Locate "Máquina despertador, 30" in the data below, then output the line it is on and all following lines through the last, word for word. Skip any pictures.

> **Dataset records**
**********

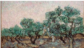
Περιήγηση στη Συλλογή του Ιδρύματος Β&Ε Γουλανδρή από το σπίτι με ψηφιακές αναπαραγωγές έργων και φωνητικές ξεναγήσεις
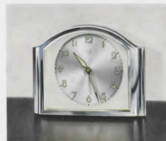
7 x 9 cm = 2 \frac{3}{4} x 3 \frac{1}{2} inches

Máquina despertador, 30 horas cuerda, medio plano, escape áncora á clavijas, platinas y ruedas de latón especialmente, puntas de piñones finamente pulidas, platinas desinadas
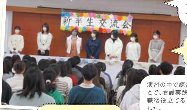
学生主催で、新卒生をお招きし、親睦をはかりました。

3年間学びの多い学生生活でした。先生方も優しく、丁寧に教えてくださるので、すごくよかったです。
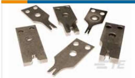
TE 产品编号3-2119784-9 CRIMPER INSULATION O PREMIUM

**********

> **Output below**
Máquina despertador, 30 horas cuerda, medio plano, escape áncora á clavijas, platinas y ruedas de latón especialmente, puntas de piñones finamente pulidas, platinas desinadas
学生主催で、新卒生をお招きし、親睦をはかりました。

3年間学びの多い学生生活でした。先生方も優しく、丁寧に教えてくださるので、すごくよかったです。
TE 产品编号3-2119784-9 CRIMPER INSULATION O PREMIUM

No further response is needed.